Все сказанное относится к антагонизму между формальной и телеологической моралью. Из него можно видеть, как неудобно и ошибочно противопоставлять их друг другу – как «мораль образа мыслей» и «мораль успешности». Ведь нет ни одной этики, которая была бы так слепа и так безбожна, что при оценке поведения совершенно исключала бы образ мысли, обращая исключительное внимание на успех: без сознательной, самое себя определяющей и оценивающей воли вообще не было бы никакой речи ни о поведении, ни о вменяемости, ни о морали и философии морали. Поучать телеологическую этику в этом отношении совершенно излишне. Она только не останавливается на субъективном состоянии действующего лица, но обращает внимание и на объективную сторону, на влияние человеческого поведения на жизнетворчество и жизненные ценности. И только таким путем она полагает достигнуть настоящего понимания феноменов нравственной жизни как со стороны ее психологически-антропологической конструкции, так и со стороны ее значения для человеческой исторической жизни. Формальная же философия морали лишает этику присущих ей связей с действительностью и жизнью, ибо она либо пригвождает ее к бесплодной скале простой формы «чистой воли», либо пытается установить «содержание воли», выжимая его всеми правдами и неправдами опять-таки из формы. Поэтому лозунгом этики должно быть не «назад к Канту!», а «наконец, долой Канта!». Нотабене: освобождение от Канта, теоретика-моралиста; совсем иное дело, каково его значение в качестве этической личности или морального проповедника.
В форме примечания я прибавляю еще следующее. Согласно нашему взгляду, вообще добро и благо, зло и страдание связаны между собой как причина и следствие: хорошие поступки влекут за собой для лица действующего и его окружающих следствия, испытываемые с чувством удовлетворения; дурные поступки вызывают чувство страдания, при этом нужно, конечно, иметь в виду не только ближайшие следствия, но и более отдаленные, равно как и то, что существуют не только чувственные, но и духовные ощущения блага и страдания. Но закон, связывающий добро и благо, зло и страдание, очевидно, допускает исключения; то обстоятельство, что мировой процесс часто попадает в противоречие с этим законом, с требованием справедливости, принадлежит к наиболее драматическим переживаниям человечества: подлец, лжец, лицемер часто благоденствуют, а человек честный, которому совесть не позволяет идти дурными путями, терпит невзгоды.

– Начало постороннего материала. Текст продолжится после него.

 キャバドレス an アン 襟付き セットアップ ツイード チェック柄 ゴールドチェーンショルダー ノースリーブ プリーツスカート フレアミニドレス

Стоит признать этот факт (а ни одна этика не может закрыть на это глаза), как возникает вопрос: как быть с этим? Можно, правда, заявить, что этика имеет дело с законами, не имеющими характера законов природы в строгом смысле этого, «с законами эмпирическими, формулирующими хотя и регулярное, но допускающими исключения, бывание, – совершенно так же, как и законы биологии. В жизни вообще имеет значение «обычное», ώς έπί τό πόλυ Аристотеля. Но жало упомянутого противоречия этим не устраняется. Для его устранения можно избрать два пути: либо утверждать, что в конечном счете все же хороший благоденствует, а злой страдает, либо установить, что добро и благо, зло и страдание непосредственно тождественны в ощущении. К первому разрешению противоречия склоняется религия, ко второму – философия; первая ссылается на уравнение в будущем, вторая – на равенство в настоящем.

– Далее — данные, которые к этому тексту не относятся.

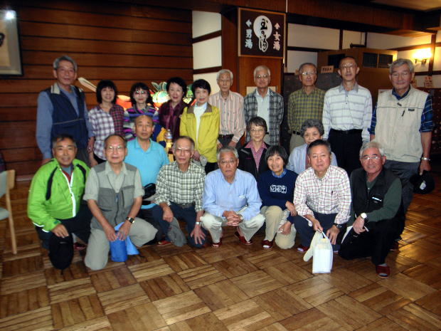 | 日時:10月10日(木)11日(金) 会場;八甲田山酸ヶ湯 参加者:(敬称略) 東OB、恩田OB、金子(弘)0B、竹内OB(各37年卒)、竹内夫人、栗又OB、古林OG、小久保OG(各38年卒)、中込OB(39年卒) 笠原OB、関根OB(各40年卒)、笠原夫人、関根夫人、金子(治)(41年卒)、高岡OB(42年卒)、高岡夫人、斎藤(45年卒) 上田OB、上田OG(各34年卒) 計19名 『八甲田の紅葉は草原から湿原、そして山頂にかけての各々の紅葉が素晴らしく、当地を訪れた総ての人々が感嘆しています。 八甲田山麓の湯量豊かな‘酸ヶ湯’に浸かり、紅葉をタップリ味わう旅にしましょう。』 との幹事の栗又、中込OBの案内状に、期待を膨らませて秋を待ちましたが、10月に入り太平洋に台風24号が発生した時から、 悪い予感がしていましたが、その予感は当ってしまい、‘酸ヶ湯’での懇親会の翌日の紅葉の八甲田トレッキングは、大雨により中止と なってしまいました。 毎年開催されている気象部のOBG会では、雨でどこにも行かれずに朝食後解散したのは、これで3回目ですが、今回は遠隔地での 懇親会開催のため、参加者たちは、この八甲田に合わせて森吉山や八幡平、岩木山、奥入瀬、十和田山など事前、事後に旅行した方や 棟方志功記念館や弘前散策など秋の津軽を味わいました。 |

Ни один народ не был так сильно возмущен кажущейся несправедливостью мирового процесса, как израильский, основная моральная структура которого дана в понятиях «закон» и «справедливость»; во всей его литературе звучит патетическая жалоба на благоденствие безбожника и невзгоды праведного, и в Иове она достигает степени обвинения самого Господа Бога и его несправедливости. Решение, к которому на этой почве каждый раз подходит мышление, чтобы не впасть в отчаяние, следующее: в конечном счете наступает перелом, безбожник низвергается с вершины счастья, достигнутого мерзким путем, а праведник возвышается, и совершается это в настоящей жизни, ибо другой жизни не существует. Христианство принципиально сохраняет это решение, но переносит перелом в потусторонний мир: там, на последнем Суде, произойдет справедливое уравнение между моральной ценностью и жизненным жребием. Правда – нужно добавить – в действительном ощущении христианина это уравнение происходит раньше: он не только питается надеждой на блаженство, но и в настоящем чувствует себя под сенью благости Божьей, независимо от внешних жизненных судеб и обстоятельств.

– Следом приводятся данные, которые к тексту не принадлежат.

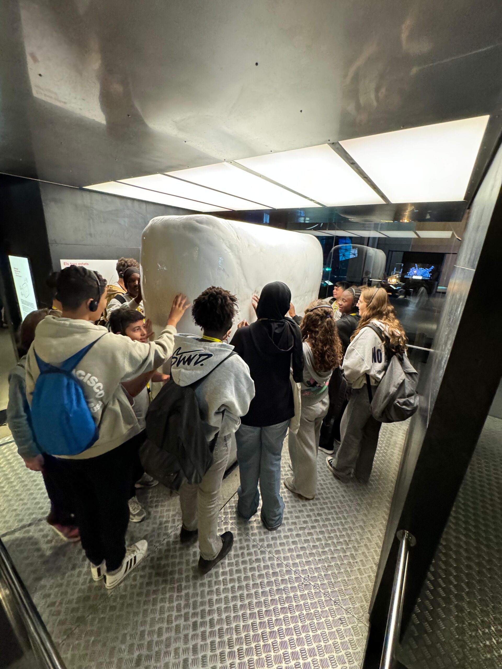 El dimarts 21 d’octubre l’alumnat de 2n d’ESO A i B va anar d’excursió a Barcelona per visitar el museu del Cosmocaixa, on va poder gaudir d’una jornada plena d’aprenentatges i experiències. Van participar en dos tallers: un dedicat als estats de la matèria, on van experimentar els canvis físics de les substàncies, i un altre sobre l’aigua, en què van descobrir les seves propietats i la seva importància per a la vida.

Мы приближаемся к решению этой проблемы в греческой философии, обосновывающей человеческое жизнеощущение непосредственно на жизненной ценности. Добрый, дельный, мудрый человек блажен ощущением собственной ценности, которую внешние судьбы не могут ни повысить, ни уменьшить; бытие означает больше, чем имение и значимость, действие – больше, чем совершение. И, наоборот, злой человек может избежать всего, что в виде наказания следует по пятам за его злостью, но никогда не избежать ему собственной злости и чувства собственной малоценности. Начиная с Платона, это является господствующей, основной чертой греческой философии морали: счастье дает не счастье, а собственная ценность, а так как повышение последней лежит исключительно во власти собственной воли, то человек является господином своей судьбы, и раскола или противоречия между достоинством и блаженством совсем не может быть.
Мышление нового времени колеблется между путями, проложенными греческим и христианским мышлением, приближаясь то к одному, то к другому. У философов, подобных Спинозе, мы наблюдаем возвращение греческого решения проблемы: мудр тот, кто живет, согласуясь с разумом, находя блаженство в наслаждении абсолютным познанием, независим от судьбы и свободен от колебаний аффектов. Кант, наоборот, остается ближе к христианскому решению: добродетельный человек, хотя и может обойтись без счастья, но практический разум считает уравнение между достоинством и блаженством, которое здесь недостижимо, необходимым и несомненным в иной жизни. Может быть, и впрямь в том стоическом утверждении кроется известное преувеличение: человек – не чистое разумное существо и не может себя сделать таким, хотя, конечно, разум много способствует преодолению аффектов. Во всяком случае, всегда будет жив импульс, заставляющий считаться с трансцендентным уравнением, независимо от того, как его рисует себе представление: в виде ли чистого вечного чувства собственной ценности, которая по отпадении чувственной стороны остается единственной направляющей жизнь силой, либо в виде чувства остающихся влияний жизни – как добрых, так и дурных, либо, наконец, в виде реорганизации жизни в метапсихозе, определяемой нравственным выигрышем этой жизни. Гете также выражает подобные мысли в стихотворении, озаглавленном «Symbolum», бывшем также символом Карлейля:
IV. Учение о долге и добродетели
Hier winden sich die Kronen
In ewiger Stille,
Die sollen mit Fülle
Die Tätigen lohnen!
Wir heißen euch hoffen.
Настоящий очерк учения о принципах не может, разумеется, ставить себе задачей подробное изложение учения о долге и добродетели. Но набросать схему мы все же считаем возможным.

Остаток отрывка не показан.